## DESCRIPTION OF THE TASK
What follows is a set of records. Retype them exactly, leaving out the pictures.

---- DATA TO PROCESS

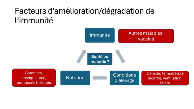 - Alimentation : c'est la variable que l'on doit surveiller de très près. La ration doit être équilibrée par des apports protéiques et énergétiques suffisants, des minéraux, des oligo-éléments et des vitamines. Ils interviennent dans les mécanismes physiologiques immunitaires : une carence affaiblit donc l'animal qui est plus sensible.
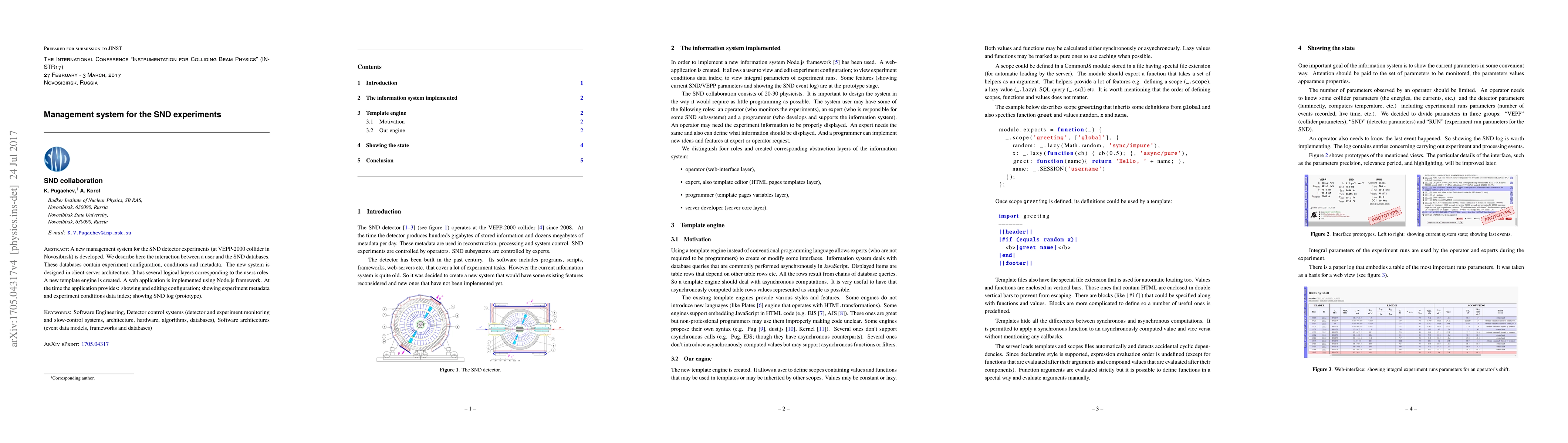 The paper presents a new management system for SND detector experiments at the VEPP-2000 collider, featuring a client-server architecture with multiple user roles and a Node.js web application for configuration, metadata, and log management. The system includes a new template engine and provides functionalities for viewing and editing experiment settings and conditions.
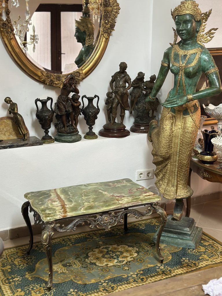 🔸 Pe colțuri se regăsesc statuete din bronz fin lucrate, reprezentând figuri clasice decorative, care oferă piesei un aer aristocratic.
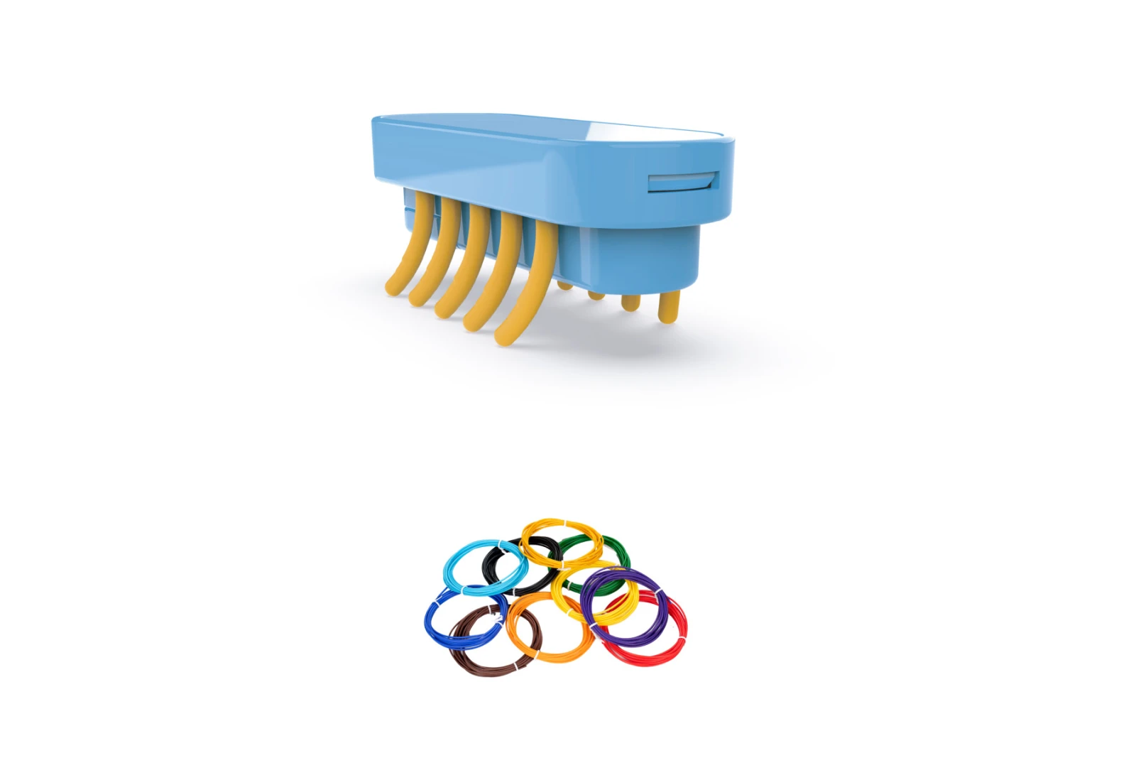 Sada obsahuje chodící zařízení na baterie, 10 šablon pro tvorbu zvířátek, 17 barevných náplní (2 m), podložku pro pohodlnou práci a baterii 1× AG13 (LR44). Přepínač ON/OFF se nachází přímo na zařízení. 3D pero není součástí balení. Český obal zajišťuje snadnou orientaci i pochopení produktu.
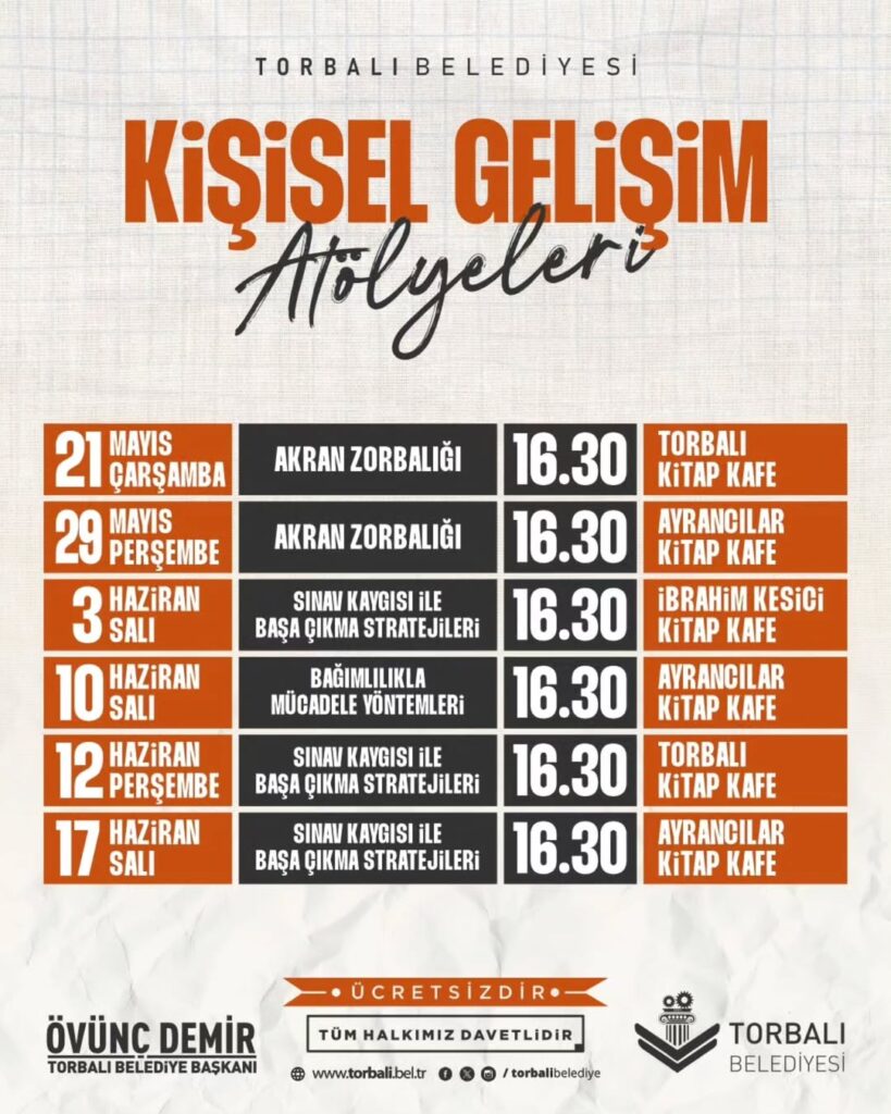 Torbalı Belediyesi, bu kişisel gelişim atölyelerini ücretsiz olarak veriyor. Ayrancılar Kitap Kafe’deki bu etkinlikler, tüm halkımızın katılımına açık. Her yaştan katılımcı, bu atölyelere katılarak kendi kişisel gelişimlerini destekleyebilir. Atölyeler, sadece gençlere yönelik olmayıp, herkesin faydalanabileceği içeriklere sahiptir. Kişisel gelişim, yaşam boyu süren bir süreçtir.
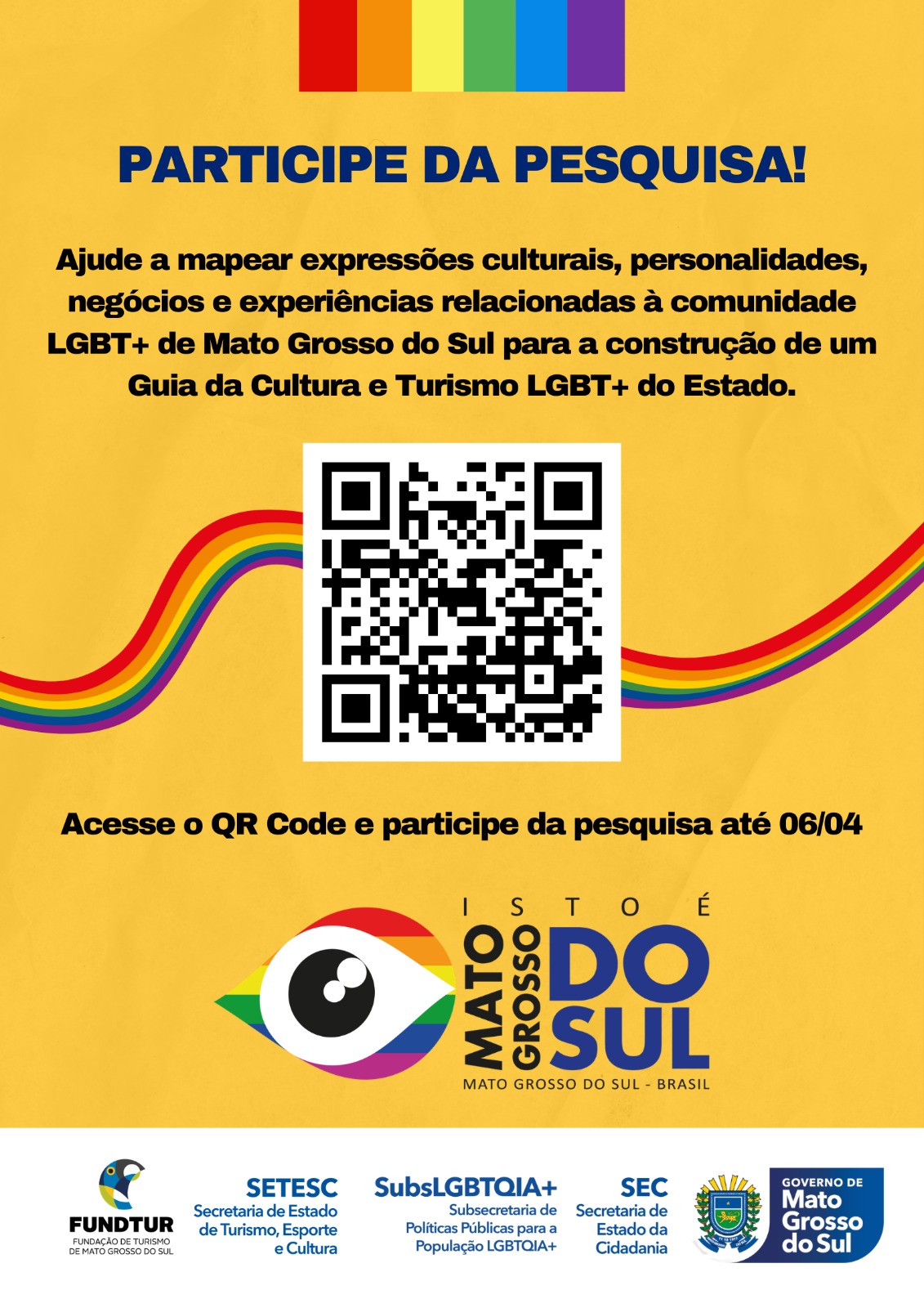 A Fundação de Turismo de Mato Grosso do Sul (Fundtur MS), em parceria com a Subsecretaria Estadual de Políticas Públicas LGBTQIA+, iniciou um mapeamento inédito para identificar, valorizar e dar visibilidade a espaços, experiências e expressões culturais da comunidade LGBT+ no estado. A ação vai subsidiar a elaboração do Guia da Cultura e Turismo LGBT+ de Mato Grosso do Sul, iniciativa que busca fortalecer a promoção do estado como um destino acolhedor, diverso e plural, evidenciando a riqueza cultural sul-mato-grossense.
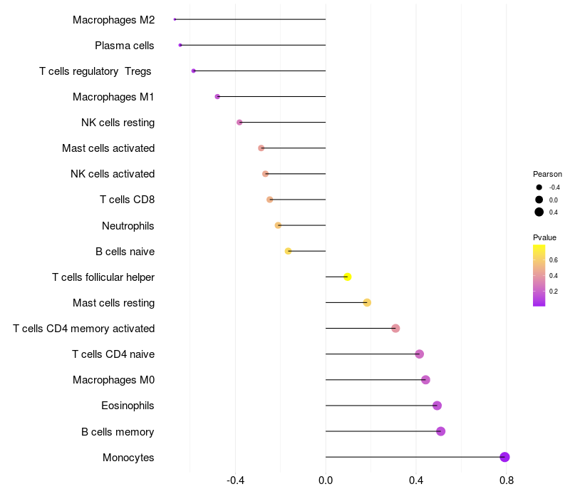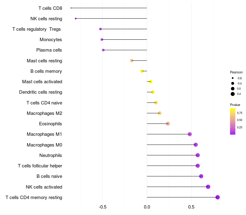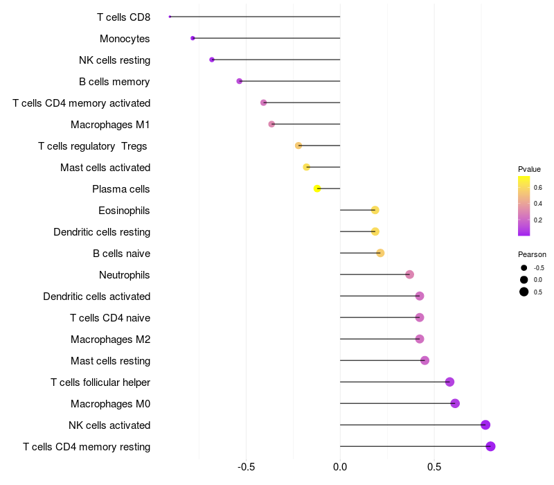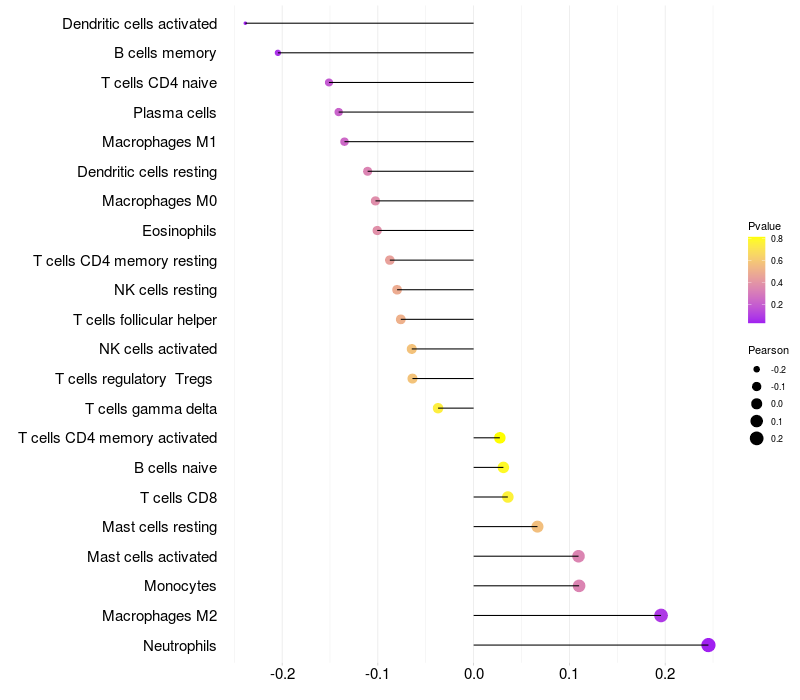 Lollipop of SURF4 expression and immune infiltrating cell level correlation result in HBV+ Liver cirrhosis samples
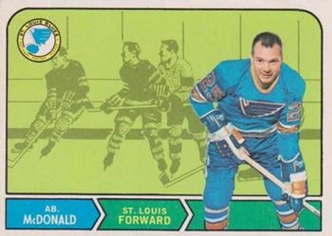 The Ab McDonald 1968 O-Pee-Chee #180 Base card is 1 of 2 Ab McDonald's card variations in the 1968 O-Pee-Chee set being tracked by Sports Card Investor, including Base.

--------

## EXERCISE ANSWER
 - Alimentation : c'est la variable que l'on doit surveiller de très près. La ration doit être équilibrée par des apports protéiques et énergétiques suffisants, des minéraux, des oligo-éléments et des vitamines. Ils interviennent dans les mécanismes physiologiques immunitaires : une carence affaiblit donc l'animal qui est plus sensible.
 The paper presents a new management system for SND detector experiments at the VEPP-2000 collider, featuring a client-server architecture with multiple user roles and a Node.js web application for configuration, metadata, and log management. The system includes a new template engine and provides functionalities for viewing and editing experiment settings and conditions.
 🔸 Pe colțuri se regăsesc statuete din bronz fin lucrate, reprezentând figuri clasice decorative, care oferă piesei un aer aristocratic.
 Sada obsahuje chodící zařízení na baterie, 10 šablon pro tvorbu zvířátek, 17 barevných náplní (2 m), podložku pro pohodlnou práci a baterii 1× AG13 (LR44). Přepínač ON/OFF se nachází přímo na zařízení. 3D pero není součástí balení. Český obal zajišťuje snadnou orientaci i pochopení produktu.
 Torbalı Belediyesi, bu kişisel gelişim atölyelerini ücretsiz olarak veriyor. Ayrancılar Kitap Kafe’deki bu etkinlikler, tüm halkımızın katılımına açık. Her yaştan katılımcı, bu atölyelere katılarak kendi kişisel gelişimlerini destekleyebilir. Atölyeler, sadece gençlere yönelik olmayıp, herkesin faydalanabileceği içeriklere sahiptir. Kişisel gelişim, yaşam boyu süren bir süreçtir.
 A Fundação de Turismo de Mato Grosso do Sul (Fundtur MS), em parceria com a Subsecretaria Estadual de Políticas Públicas LGBTQIA+, iniciou um mapeamento inédito para identificar, valorizar e dar visibilidade a espaços, experiências e expressões culturais da comunidade LGBT+ no estado. A ação vai subsidiar a elaboração do Guia da Cultura e Turismo LGBT+ de Mato Grosso do Sul, iniciativa que busca fortalecer a promoção do estado como um destino acolhedor, diverso e plural, evidenciando a riqueza cultural sul-mato-grossense.
 Lollipop of SURF4 expression and immune infiltrating cell level correlation result in HBV+ Liver cirrhosis samples
 The Ab McDonald 1968 O-Pee-Chee #180 Base card is 1 of 2 Ab McDonald's card variations in the 1968 O-Pee-Chee set being tracked by Sports Card Investor, including Base.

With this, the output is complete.